This is an automated email from the ASF dual-hosted git repository.
taragolis pushed a commit to branch main
in repository https://gitbox.apache.org/repos/asf/airflow.git
The following commit(s) were added to refs/heads/main by this push:
new 5abe7acf66 Fix generation temp filename in
`DataprocSubmitPySparkJobOperator` (#39498)

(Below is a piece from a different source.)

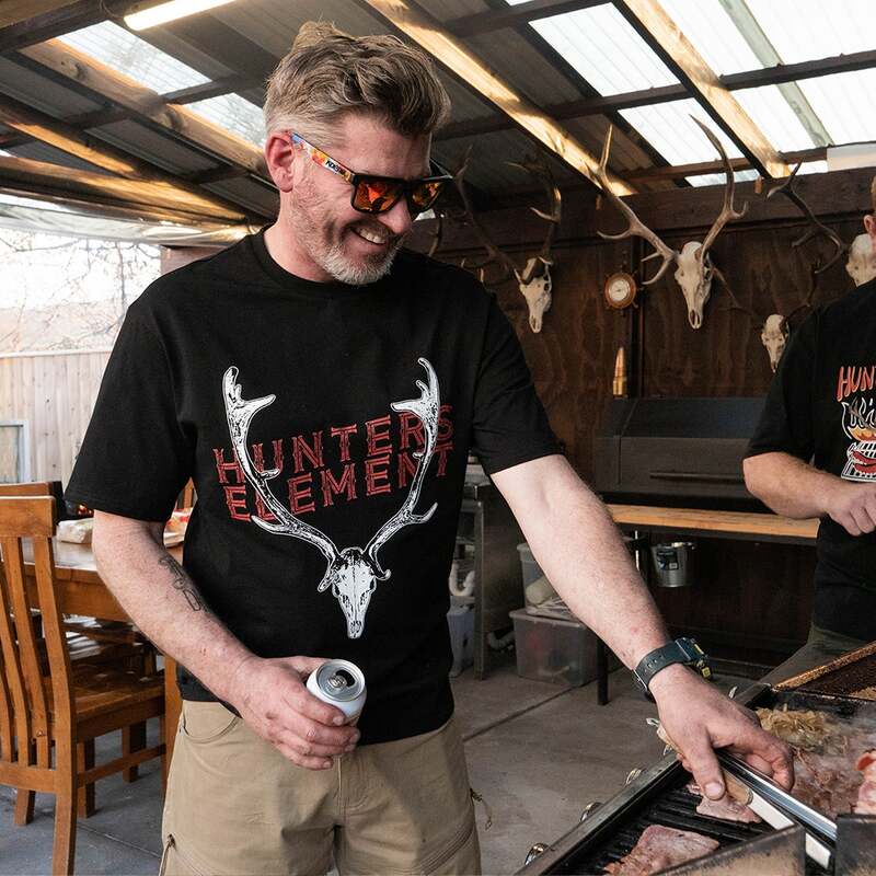 Step into BBQ season with style in the Fallow Skull Tee, part of the limited edition everyday range by Hunters Element. Crafted from premium materials, this crew-neck tee offers both comfort and durability, making it perfect for everyday wear. Showcasing an impressive fallow skull graphic on the back and the Hunters Element logo on the front, this tee allows you to proudly display your passion for hunting.

5abe7acf66 is described below
commit 5abe7acf666f8021cbdcd358079c2b8b86c37651
Author: Andrey Anshin <[email protected]>
AuthorDate: Thu May 9 03:45:45 2024 +0400
Fix generation temp filename in `DataprocSubmitPySparkJobOperator` (#39498)
---
airflow/providers/google/cloud/operators/dataproc.py | 2 +-
.../google/cloud/operators/test_dataproc.py | 20 ++++++++++++++++++++
2 files changed, 21 insertions(+), 1 deletion(-)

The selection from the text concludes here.